Action item = Starting at the line below with "由幾何線條勾勒出的簡(jiǎ" and stopping at the line with "- Seamless Attachment:Designed", please print each line exactly, those two included, and skip every picture.

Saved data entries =
━━━━━━━━━━━━━━━━━━━━━━━━━━━━━━

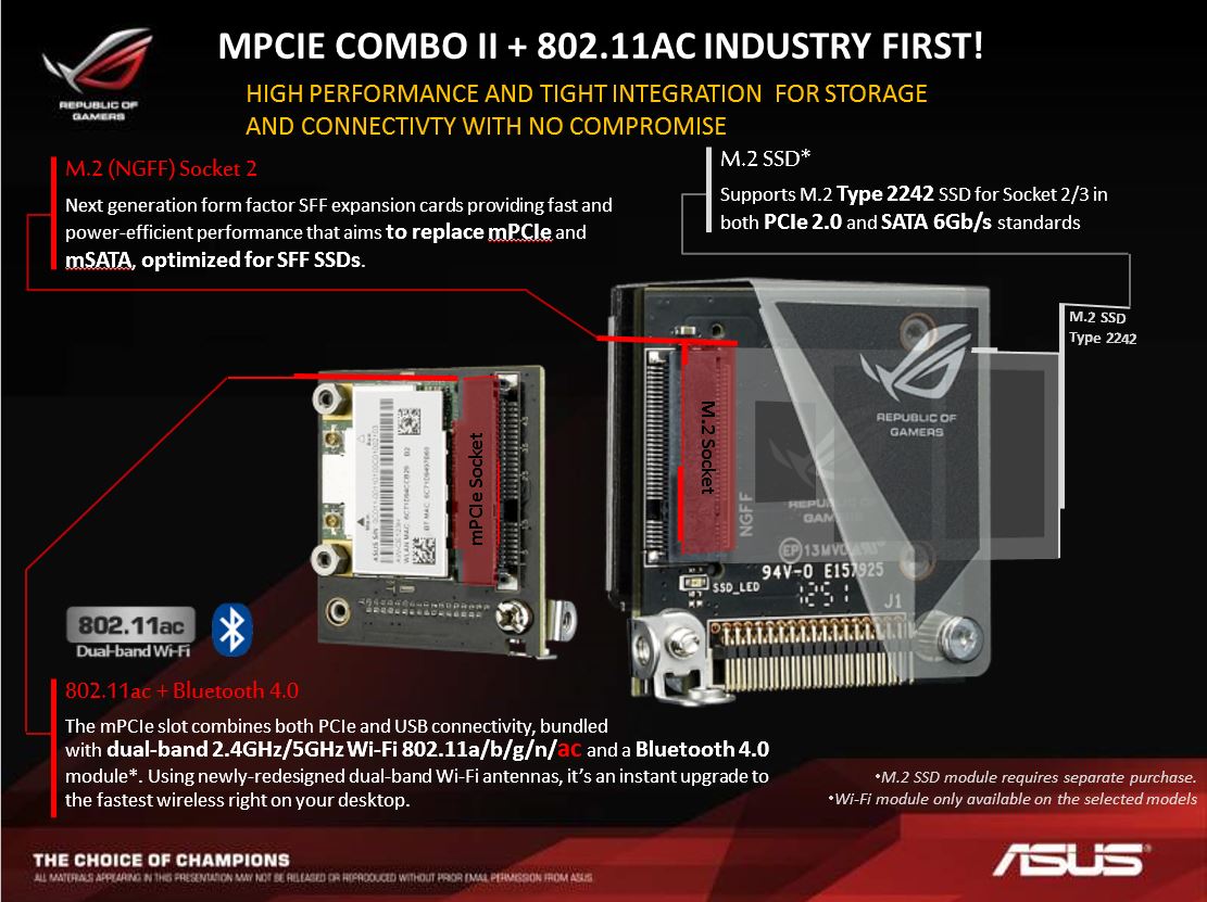 mPCI-E Combo Card (WiFi AC/BT 4.0 mPCI-E card included)
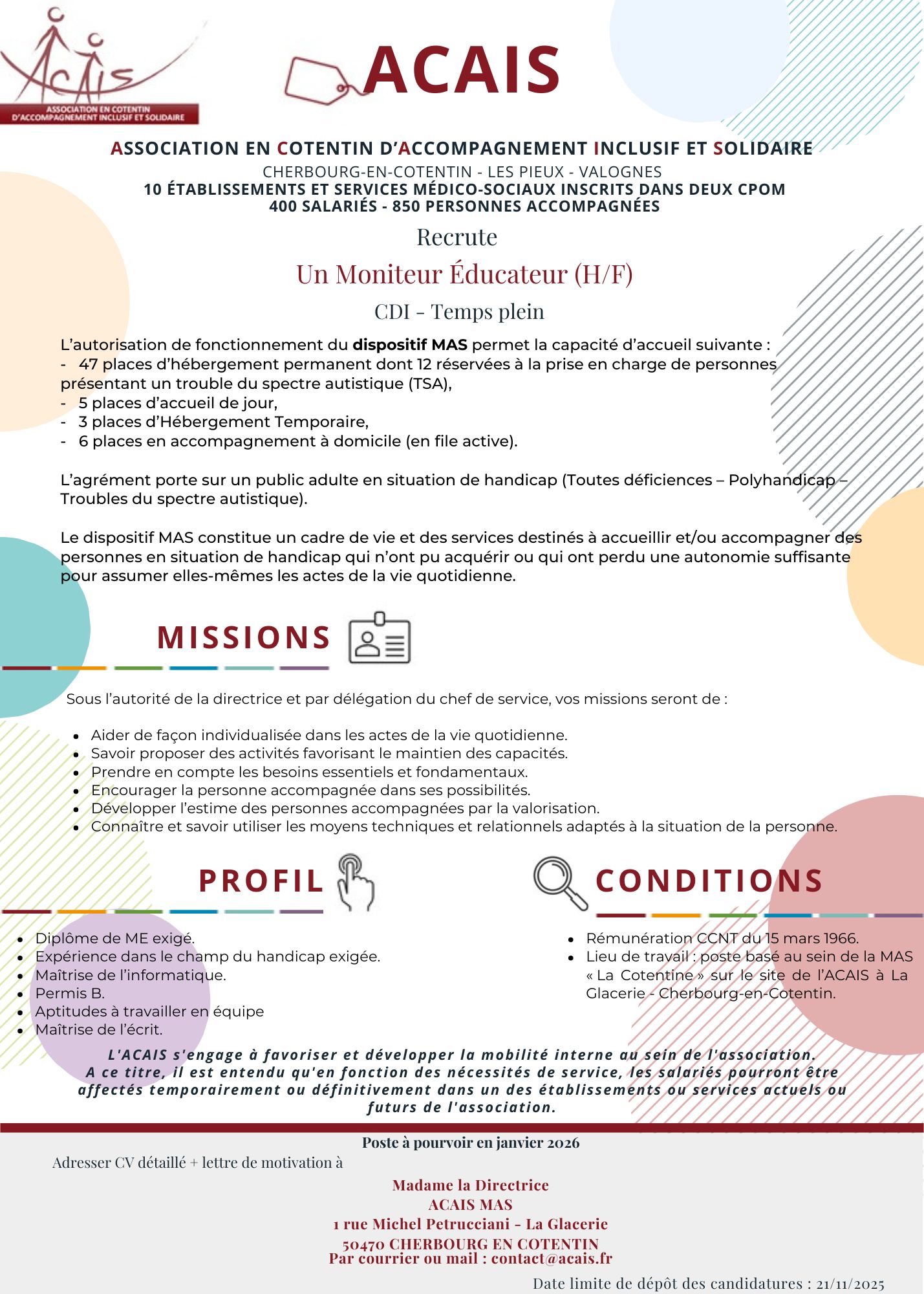 L’ACAIS recrute un Moniteur éducateur (H/F) au sein du dispositif MAS.
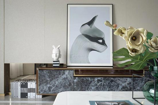 由幾何線條勾勒出的簡(jiǎn)凈優(yōu)雅的墻面掛畫,與瑩白似玉的藝術(shù)擺件、節(jié)短枝密的清雋玉蘭花藝,氣質(zhì)相映而美感互融,點(diǎn)點(diǎn)滴滴凝聚成入戶玄關(guān)的美學(xué)曲調(diào)。
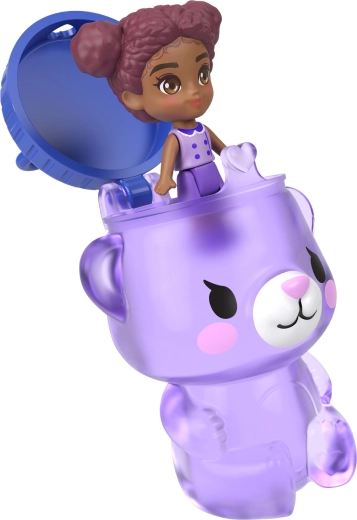 De schattige compacte set Polly Pocket Bosbessenbeertjes brengt een zakformaat wereld vol fantasie, interactieve elementen en draagbaar speelplezier. Binnenin vind je een minipoppetje, een beertje en thematische accessoires – draaibare stoeltjes, een ritje in een “fles” en een openende koelkast. Dankzij de praktische clip en het kleine opbergdoosje voor het figuurtje nemen kinderen hun miniwereld overal mee naartoe.
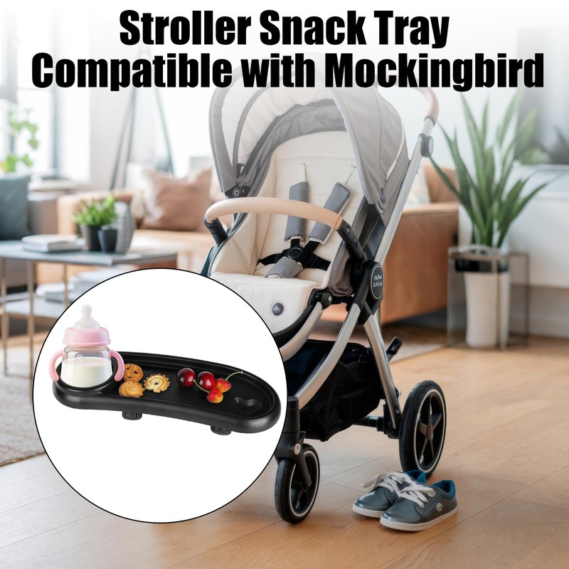 - Seamless Attachment:Designed for Mockingbird strollers, this stroller snack tray attachment installs tool-free in seconds. The snack tray for stroller locks securely with adjustable straps, while the stroller tray attachment fits most models effortlessly
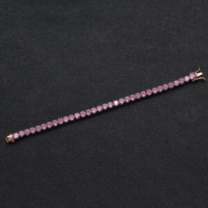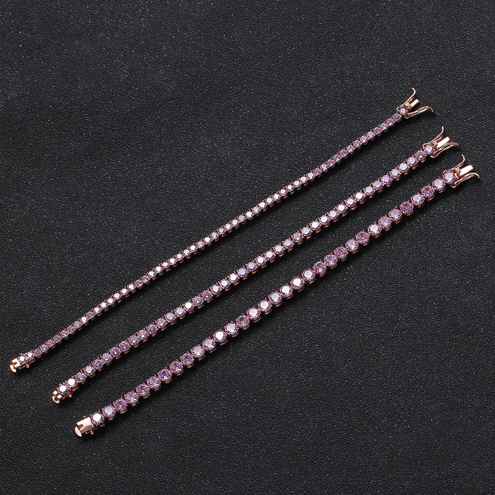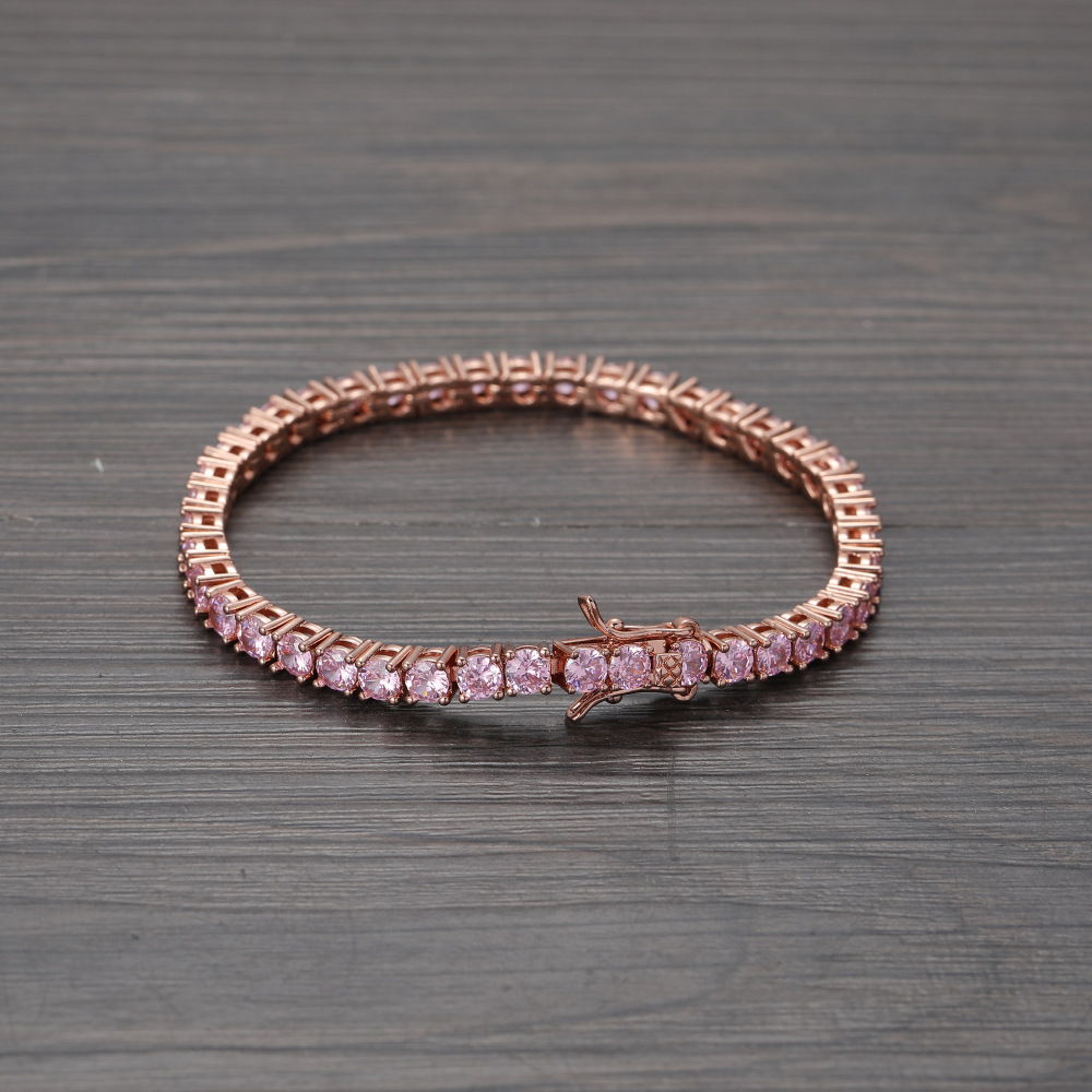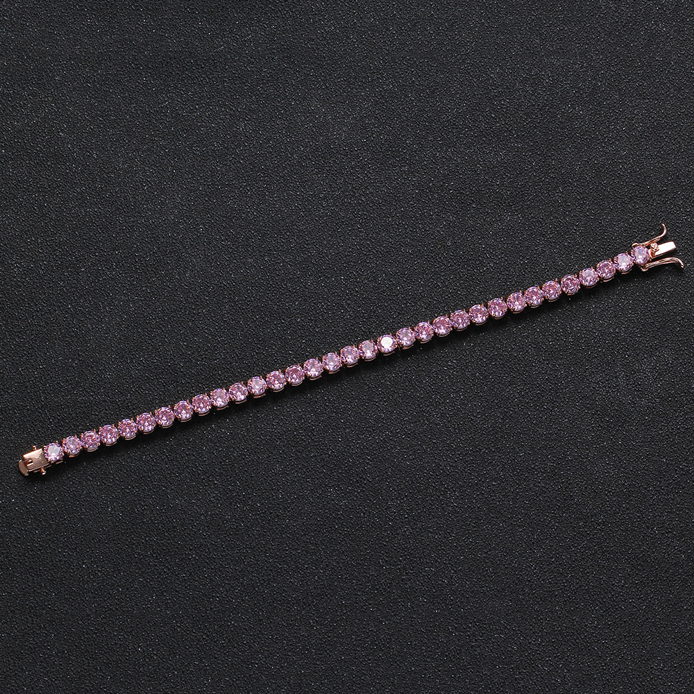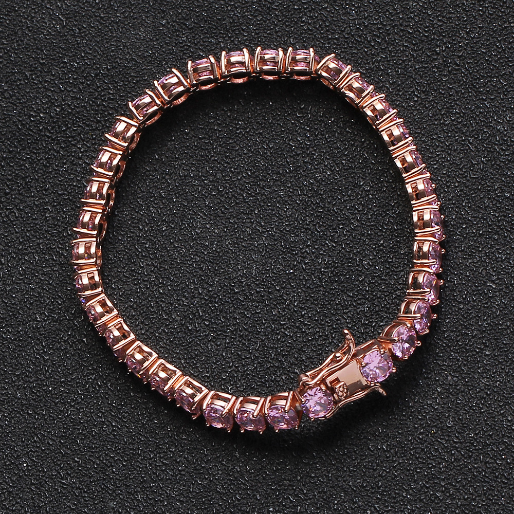 Hip Hop Copper Inlaid Zircon Tennis Chain Rose Gold Pink Zircon 3mm4mm5mm Single Row Bracelet

━━━━━━━━━━━━━━━━━━━━━━━━━━━━━━

Output for this exercise =
 由幾何線條勾勒出的簡(jiǎn)凈優(yōu)雅的墻面掛畫,與瑩白似玉的藝術(shù)擺件、節(jié)短枝密的清雋玉蘭花藝,氣質(zhì)相映而美感互融,點(diǎn)點(diǎn)滴滴凝聚成入戶玄關(guān)的美學(xué)曲調(diào)。
 De schattige compacte set Polly Pocket Bosbessenbeertjes brengt een zakformaat wereld vol fantasie, interactieve elementen en draagbaar speelplezier. Binnenin vind je een minipoppetje, een beertje en thematische accessoires – draaibare stoeltjes, een ritje in een “fles” en een openende koelkast. Dankzij de praktische clip en het kleine opbergdoosje voor het figuurtje nemen kinderen hun miniwereld overal mee naartoe.
 - Seamless Attachment:Designed for Mockingbird strollers, this stroller snack tray attachment installs tool-free in seconds. The snack tray for stroller locks securely with adjustable straps, while the stroller tray attachment fits most models effortlessly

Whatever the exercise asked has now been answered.